Disodium octaborate
- Names: IUPAC name Disodium;(9,11-dioxido-5-oxoboranyloxy-2,4,6,8,10,12,13-heptaoxa-1,3,5,7,9,11-hexaborabicyclo[5.5.1]tridecan-3-yl)oxy-oxoborane

Identifiers
- CAS Number: 12008-41-2;
- 3D model (JSmol): Interactive image;
- ECHA InfoCard: 100.114.740
- EC Number: 234-541-0;
- PubChem CID: 90479350;
- UNII: JT9XWY98MF;
- CompTox Dashboard (EPA): DTXSID1034391 ;

Properties
- Chemical formula: Na_{2}B_{8}O_{13}
- Molar mass: 340.45 g·mol^{−1}
- Appearance: Colorless crystals
- Solubility in water: 9.5 g/(100 g)

= Disodium octaborate =

Disodium octaborate is a borate of sodium, a chemical compound of sodium, boron, and oxygen — a salt with elemental formula Na2B8O13 or (Na+)2[B8O13](2-), also written as Na2O*4B2O3. It is a colorless crystalline solid, soluble in water.

Disodium octaborate is traded either as a liquid concentrate, or as the tetrahydrate Na2B8O13*4H2O, a white odorless powder. It is used as an insecticide, and as a fungicide and algicide, and as a fire retardant., and as a boron micronutrient additive in fertilizers. Trade names include Bora-Care, Borathor, Termite Prufe, Board Defense, Polybor, Tim-bor,Mr Dotty 008, and Can-Bor.

==Preparation==
The anhydrous form can be crystallized from a molten mixture of sodium oxide Na2O and boric oxide B2O3.

==Properties==
===Solubility===
The salt dissolves in water to form viscous supersaturated solutions at elevated temperatures. Solubility of the tetrahydrate is 21.9% (wt) at 30 C.

===Structure===
The anhydrous salt exists in two stable crystalline forms, α and β.

The α form has monoclinic crystal structure, with the P2_{1/a} space group. The unit cell parameters at 273 K are: a = 650.7 pm, b = 1779 pm, c = 837.7 pm, β = 96.6 °, Z = 4. The structure contains two interlocking boron-oxygen frameworks, each of them consisting of alternating single and double rings composed of two triangles and a tetrahedron, the so called triborate and pentaborate groups. The two frameworks are connected by two (non-equivalent) sodium atoms, each surrounded by 8 oxygens, comprising finite chains of four NaO8 polyhedra with shared edges. The thermal expansion is sharply anisotropic, including negative thermal expansion. The thermal expansion tensor in 273–1000 K in function of absolute temperature T has α_{11} = 55–0.042T, α_{22} = 11, α_{33} = -15 + 0.032T (×10–6) K^{−1}, μ = (c^α_{33}) = 42°.

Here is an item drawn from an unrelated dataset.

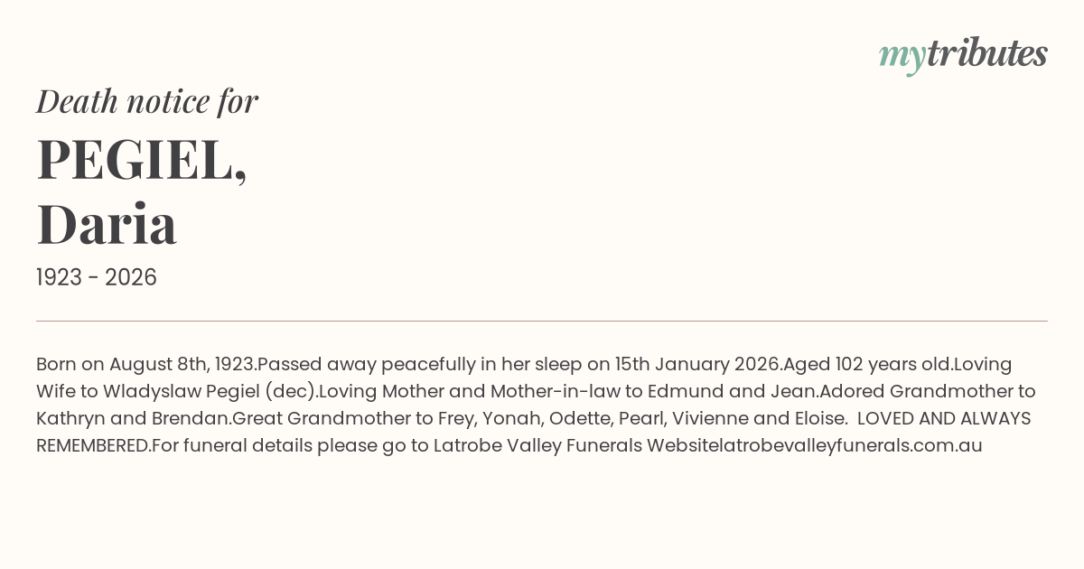 For funeral details please go to Latrobe Valley Funerals Website
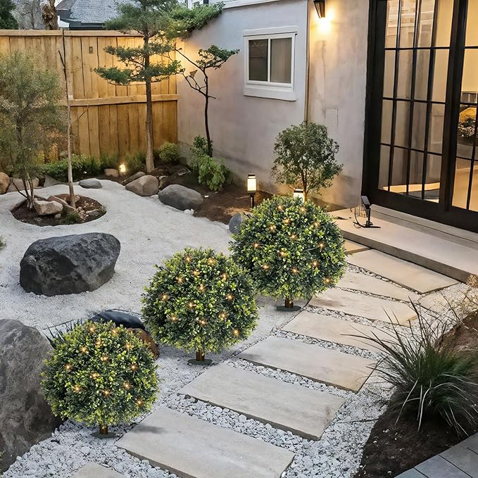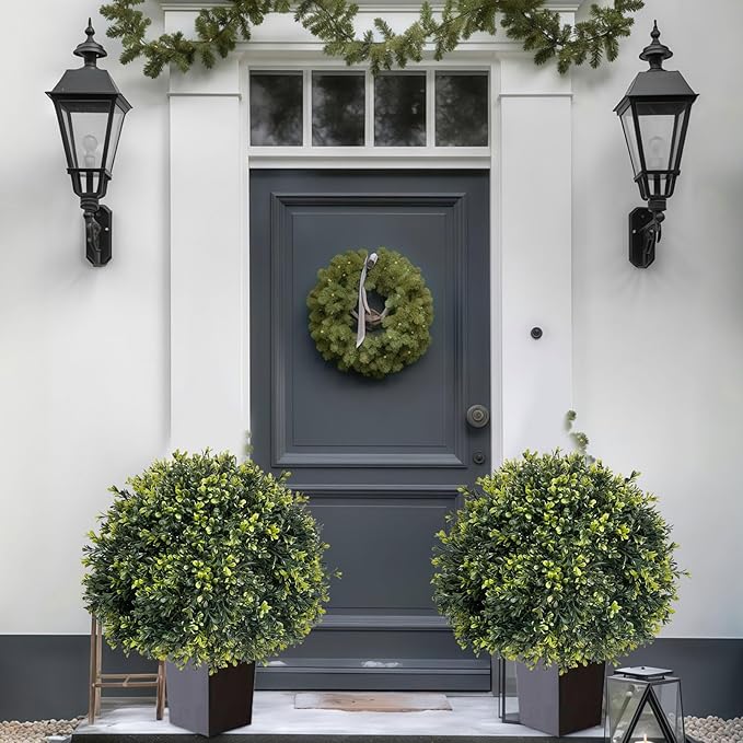• 【2 Boxwood Topiary Balls】 You will receive 2 Boxwood Topiary Balls Artificial Outdoor, each standing 24 inches tall. These outdoor faux plants are crafted from high-density PE simulated pine needles and feature natural wood-grain trunks, with lifelike gradient green leaves and intricate detailing. The UV-resistant coating ensures vibrant color retention for 3 to 5 years, making these artificial plants outdoor nearly indistinguishable from real foliage even up close.

The β form has monoclinic crystal structure, with the P2_{1/c} space group. The unit cell parameters are a = 1173.1 pm, b = 788.0 pm, c = 1041.0 pm, β = 99.883 °, Z = 4. The structure consists of two infinite, independent, and interleaved boron–oxygen networks containing a complex borate anion [B8O13](2−) formed by six BO3 triangles (Δ) and two BO4 tetrahedra (T), which can be viewed as a B5O10 group linked to a B3O7 group. This fundamental building block is identical to that of the α form and of silver octaborate Ag2B8O13, with some subtle differences.

==Uses==
Dilute solutions of disodium octaborate are sprayed on wood surfaces to kill termites, powderpost beetles, carpenter ants, fungi and algae. The tetrahydrate is also available as pellets for embedding in structural wood. Compared to other chemicals used for these purposes, it has the advantages of lack of odor, permanent effect, and low toxicity to humans and pets.

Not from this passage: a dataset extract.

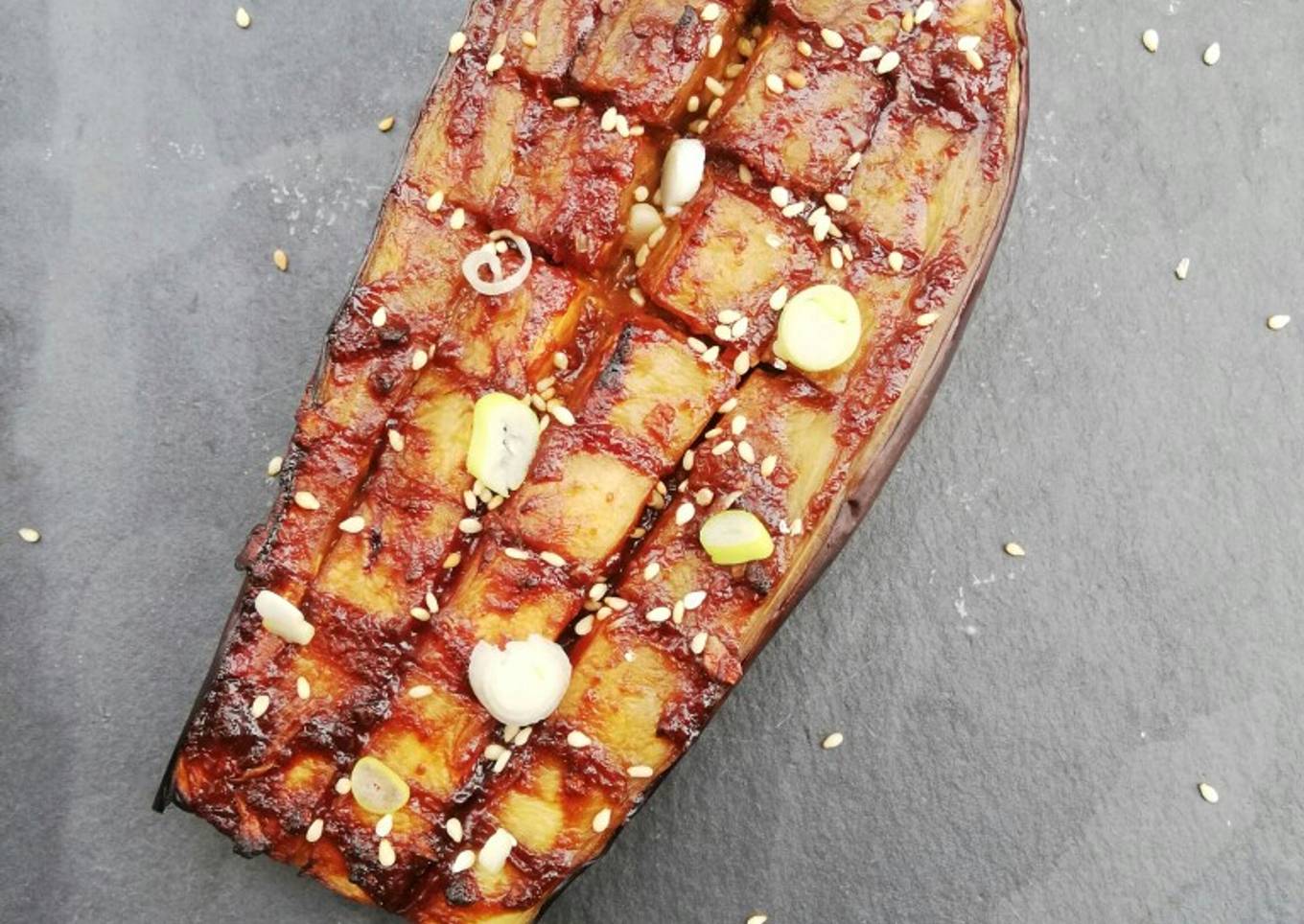- Pasado el tiempo de horneado, sacar las dos mitades de berenjena y extender la mezcla de miso por encima.
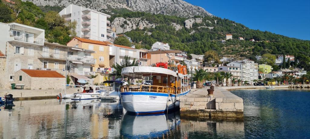 Živogošće ligger i den sydlige del af Makarska-rivieraen ved foden af Biokovo. Den består af tre mindre, usammenhængende steder på kysten: Porat - Mala Duba - Blato. Živogošće har været beboet siden den illyriske og romerske tid, som det fremgår af illyriske høje / grave / på toppen af bakken Suzina og resterne af rustikke villaer i Mala Duba og Blato. Den naturlige skønhed af olivenlunde og fyrreskove, som tårner sig op over fine stenstrande, 6 km indbyrdes forbundne strande, rent og uforurenet hav, alt sammen beliggende ved foden af et højt bjerg, Sutvid-top 1155 m, giver turister en særlig atmosfære og fornøjelse . Vi tilbyder overnatning i en rummelig lejlighed for 4 + 2 personer beliggende i et familiestenhus i dalmatisk stil, første række til havet. Lejligheden er i to etager og består af to soveværelser, to badeværelser, stue med køkken og rummelig altan. Lejlighedens samlede areal er 90 m2. Lejligheden har en uforglemmelig udsigt over havet og de omkringliggende øer, aircondition, internet, tv og sikret parkeringsplads.

The compound was also shown to significantly reduce dust mite populations in the home when applied as a dilute solution to carpets and upholstery together with regular vacuum cleaning.

Disodium octaborate, applied to the soil or foliar spray, has been shown to inhibit pests of crops such as tomato and pistachio, with no observed detrimental effects to the plants.

==Safety==
Disodium octaborate is neither flammable, nor combustible or explosive and has low acute oral and dermal toxicity. The oral 50% lethal doses (LD50) are 5.3 g/kg for guinea pig, 2g/kg for rats. However, it is classified as "reproductive toxicity category 1B (presumed human reproductive toxicant)" under the EU Classification, Labelling and Packaging Regulation (CLP Regulation). The CLP hazard code and statement are "H360FD: May damage fertility. May damage the unborn child."

On 22 February 2018, the Swedish Chemicals Agency (KEMI) submitted a proposal to the European Chemicals Agency (ECHA) to list disodium borate as a Substance of Very High Concern (SVHC) under the Registration, Evaluation, Authorisation and Restriction of Chemicals (REACH) Regulation.